PROJECT SUMMARY:
Acute pancreatitis (AP) affects @ 275,000/ year in the USA. AP starts suddenly and unpredictably as sterile
inflammation but in severe cases can get infected, resulting in sepsis, prolonged hospitalization and sometimes
death. Sepsis itself affects 1.5 million people /year in the USA, costs > $20 billion, results in 12-18% mortality
and has a lot in common with AP. While defined as an overwhelming response to infection, a large portion of
sepsis starts in sterile diseases like AP. AP has modelled the progression of sterile diseases to infection and
sepsis since sepsis was first defined in 1992. Both diseases are poorly understood, and neither has a specific
targeted therapy. Both diseases, when severe have distant organ failure, which we have shown to be due to
the excessive and unregulated lipolytic release of unsaturated fatty acids during AP. Unbound fatty acids (uFA)

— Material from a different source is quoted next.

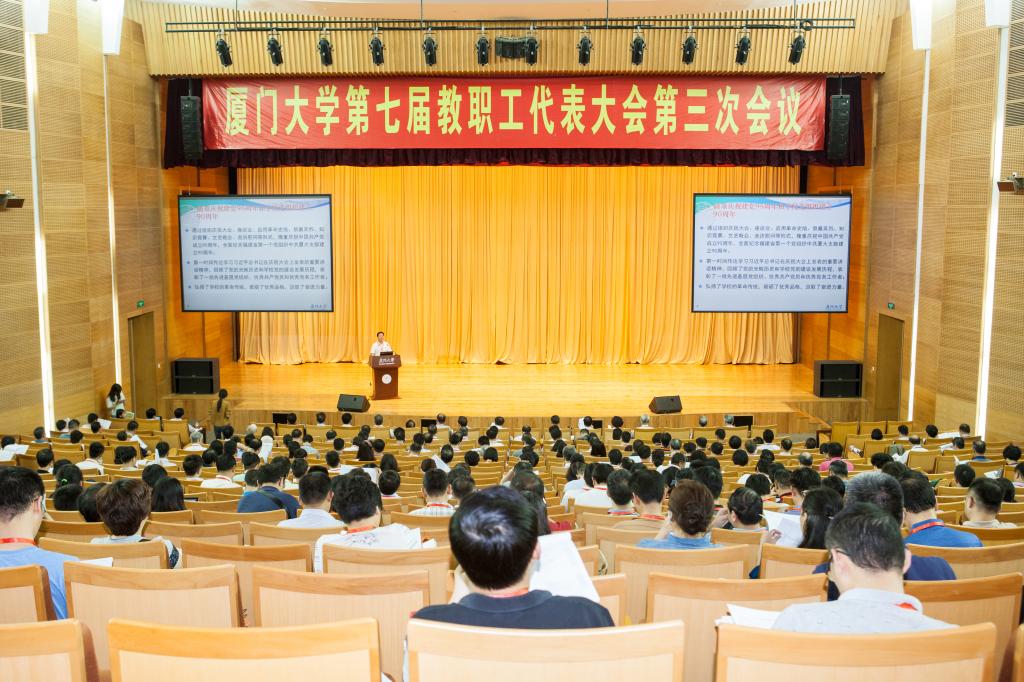 日前,校第七届教职工代表大会第三次会议召开。大会听取、审议了厦门大学2016年工作总结报告、厦门大学2016年度财务预决算工作及2017年预算编制情况报告,讨论、通过了《厦门大学教职工代表大会实施细则》和《厦门大学教职工绩效考核评价体系改革总体方案》。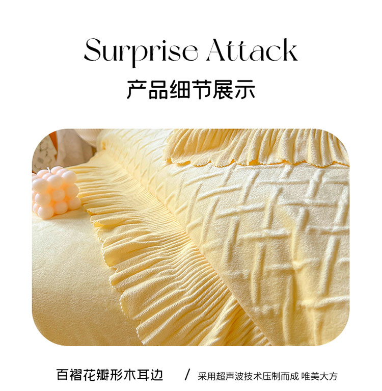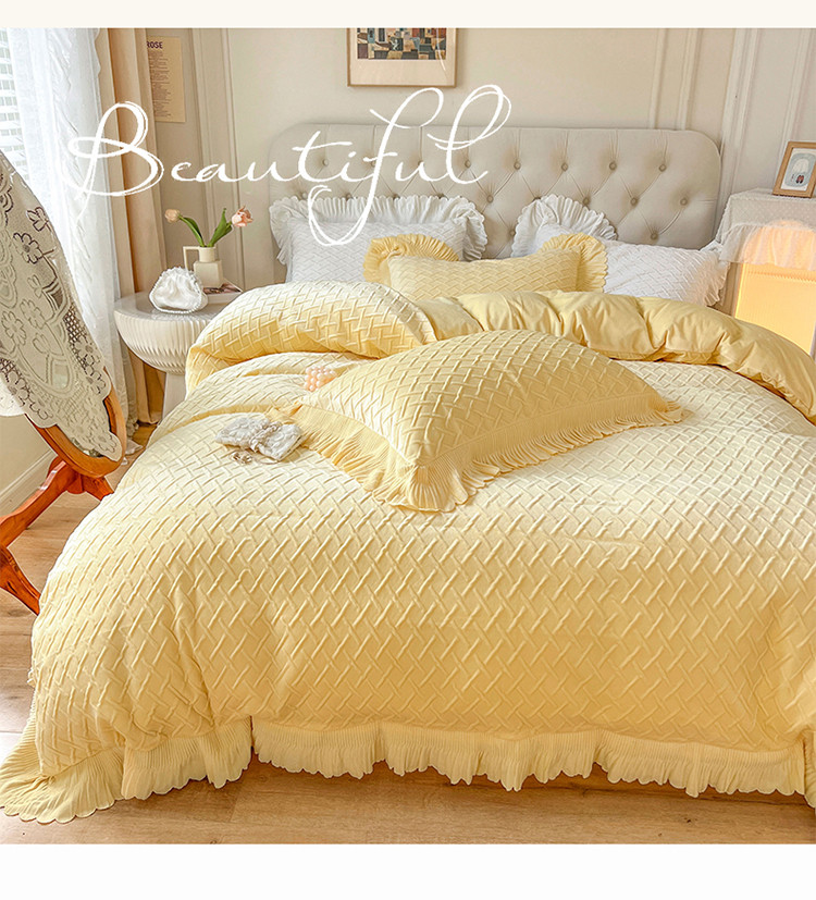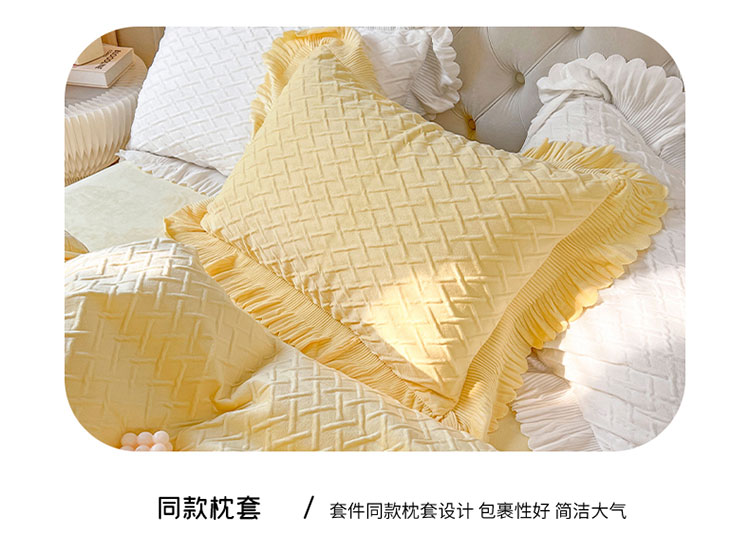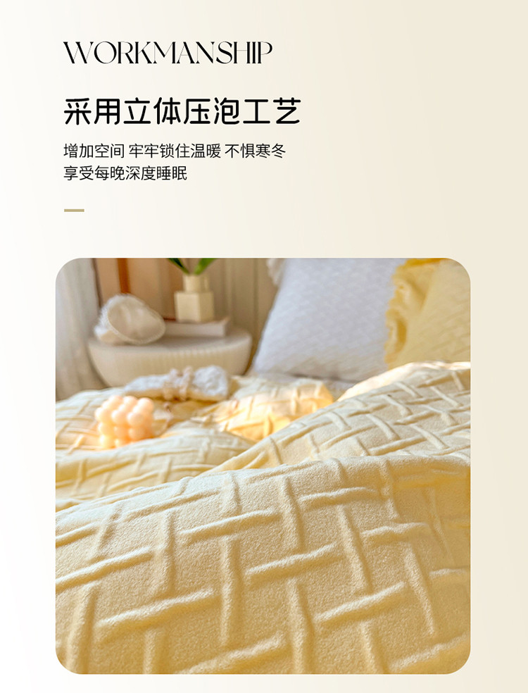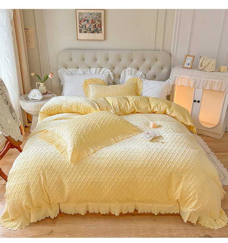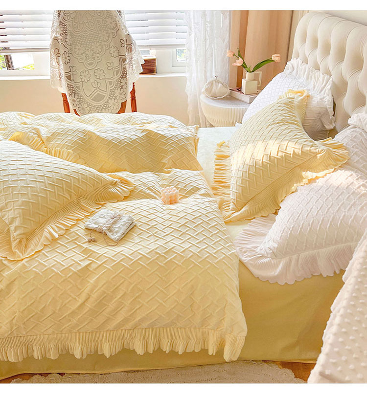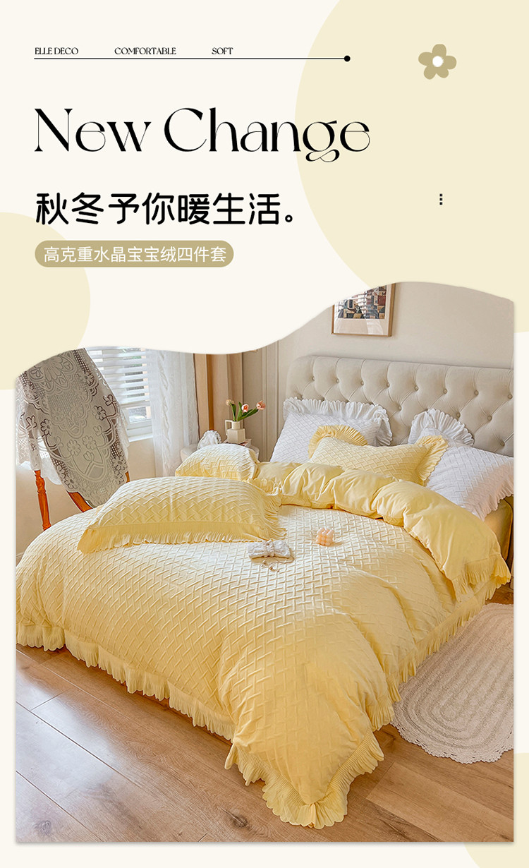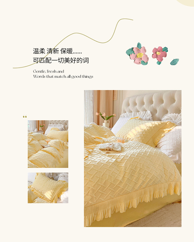 当前位置: 91家纺网 > 商品网购 > 床品套件 > 四件套 > 宝宝绒四件套 > 惯盈新款高克重水晶绒宝宝绒四件套压泡荷叶边四件套-泡泡格 黄

refers to the small pool (<1%) of free fatty acids that are not bound to their main carrier, i.e. albumin, which is
frequently low in severe AP. Our preliminary data show that pancreatic lipases generate uFA which are
increased in the sera of severely septic patients. Additionally, uFA can rapidly incorporate into the membranes
of inflammatory cells, trigger injury and impair their function. Based on these we hypothesize that uFA
generated by pancreatic lipases cause inflammatory cell injury, impair bacterial clearance and result in sepsis
during AP. We propose to study the molecular mechanisms of how lipotoxic inflammatory cell injury causes
infections by using cell, animal models (Aim 2), and test the relevance of this in human AP, thus providing
evidence to support changes in clinical AP management (Aim 1).In Aim 1 we will determine the clinical
significance of lipotoxic inflammatory cell injury in clinical AP by determining the prognostic value of serum uFA
and inflammatory cell injury at admission for AP vs. at time of infection, along with studying the relationship
between type of uFA, nature of inflammatory injury with the type of infection. In Aim 2, we go on to determine
the mechanisms and consequences of lipotoxic inflammatory cell injury in AP using cell and animal models. To
do so we will study the dependence of inflammatory cell injury on pancreatic lipases and the lipid environment,
determine the role of impaired bacterial clearance, and explore the mechanisms by which lipotoxic
inflammatory cell injury occurs. By doing so, we hope to provide a broadly relevant, mechanistically sound,
therapeutically amenable, novel explanation for sepsis. This work would set a conceptual framework to
understand the pathogenesis of infection in sterile diseases (i.e. via uFA mediated inflammatory cell injury),
which is clinically relevant- i.e. explains why a drop in white counts may signal increased risk of infection such
as nosocomial infections and thus may not be always favorable. It can also provide improved diagnostic tools
based on flow-cytometry to interpret WBC counts, injury and risk of infection, and suggest therapeutic options
like the early replacement of albumin, prudent prophylactic antibiotic use, and targeting pancreatic lipases as
an approach to avert the progression of sterile AP to severe sepsis and death.